As reported by The Defiant, an unsuspecting user lost $69 million in WBTC by sending funds to an address associated with an address pollution attack.
Web3 cybersecurity firm Certik alerted the malicious transaction early Friday morning. According to Certik's X account, the attacker pretended to transfer 0.05 ETH (about $150), causing the victim to send funds to the wrong address.
Address pollution occurs when an attacker sends junk transactions to an address to confuse unwary users. Instead of sending funds to a legitimate wallet address, the user will copy the fraudulent address, which usually starts and ends with the same six digits.

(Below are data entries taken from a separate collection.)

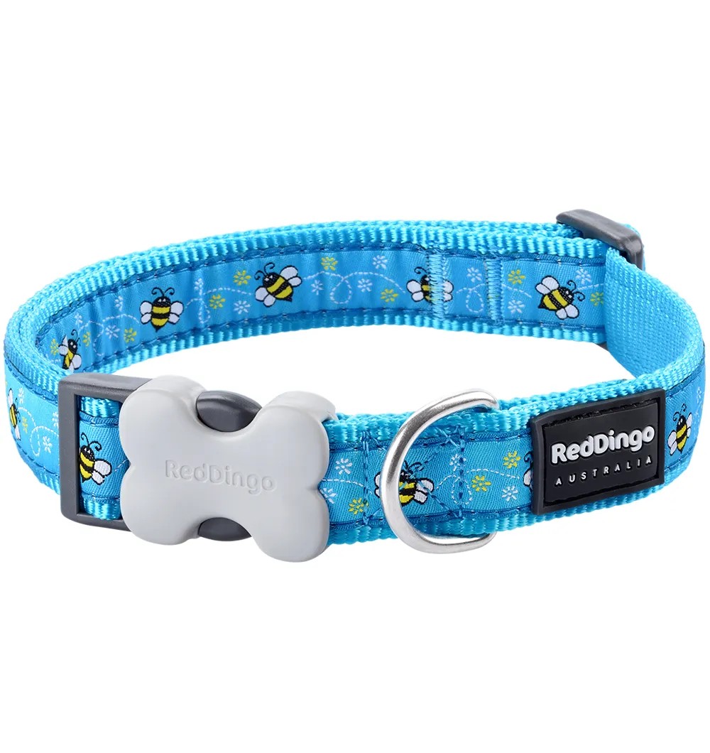 Kaelarihm koerale Red Dingo 12 mm , Bumble Bee Turquoise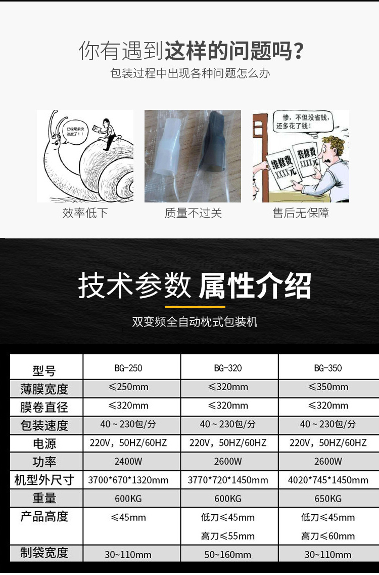 BG-350全自動枕式包裝機 三伺服封口機 蔬菜水果保鮮膜打包封口機
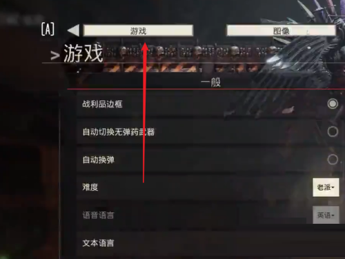 2、接着进入选项界面,点击顶部的游戏菜单。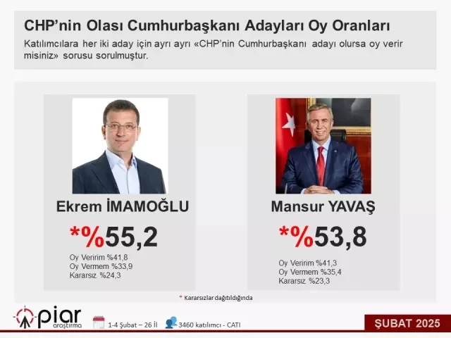 1-4 Şubat tarihlerinde Piar Araştırma tarafından yapılan bir ankette, Mansur Yavaş ve Ekrem İmamoğlu arasında Cumhurbaşkanlığı adaylığı için ciddi bir yarış olduğu ortaya çıktı. Ankete katılanlara, "CHP’nin Cumhurbaşkanı adayı olsa oy verirsiniz?" sorusu yöneltildiğinde, Ekrem İmamoğlu'na oy vereceğini söyleyenlerin oranı yüzde 55.2, Mansur Yavaş’a oy vereceğini belirtenlerin oranı ise yüzde 53.8 oldu. Bu oranlar, Yavaş’ın bağımsız adaylık şansını güçlendiriyor ve Cumhurbaşkanlığı yarışında dengeleri değiştirebilir.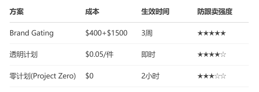 建议策略:先启动零计划(免费即时防护)→ 同步申请Brand Gating → 销量稳定后接入透明计划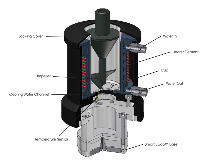 The SPC consists of the cell jacket, an impeller, and aluminum cup with locking cover. The cell jacket houses a heating coil and liquid cooling channel, which surrounds the Aluminum cup for fast heating and cooling. A Platinum Resistance Thermometer (PRT) is located in intimate contact with the bottom of the cup for precise and accurate sample temperature control. The impeller is designed with blades at the bottom for sample mixing. Solvent loss is minimized via a conical ring at the top of the rotor, which acts to condense water (or other solvents) that vaporizes during heating, and return it to the bulk sample.

Hackers can learn the addresses associated with users’ exchange accounts through regular payments and other transaction flows.
Anonymous Officer, who worked as a threat researcher at Web3 cybersecurity firm ImmuneFi, said these types of attacks are very common, but usually have a low success rate.
According to Etherscan data, after the attack, the attackers moved the funds across eight different transactions. According to Officer, many users are lazy in their operations in the cryptocurrency field.
“A lot of people have a bad habit of blindly copying the last address from their transaction history for security reasons,” he said. Hackers take advantage of this behavior by sending small amounts of cryptocurrency from similar addresses.
How to defend against such attacks?
"Don't trust your clipboard, especially considering the existence of malware with almost the same scheme (often targeting the clipboard), check all numbers one by one and add popular addresses to the allow list (if possible)," he warned.
According to a new report from Web3 security firm ImmuneFi, hackers stole $336 million in cryptocurrency in the first quarter of 2024, a 23% drop from the same period last year.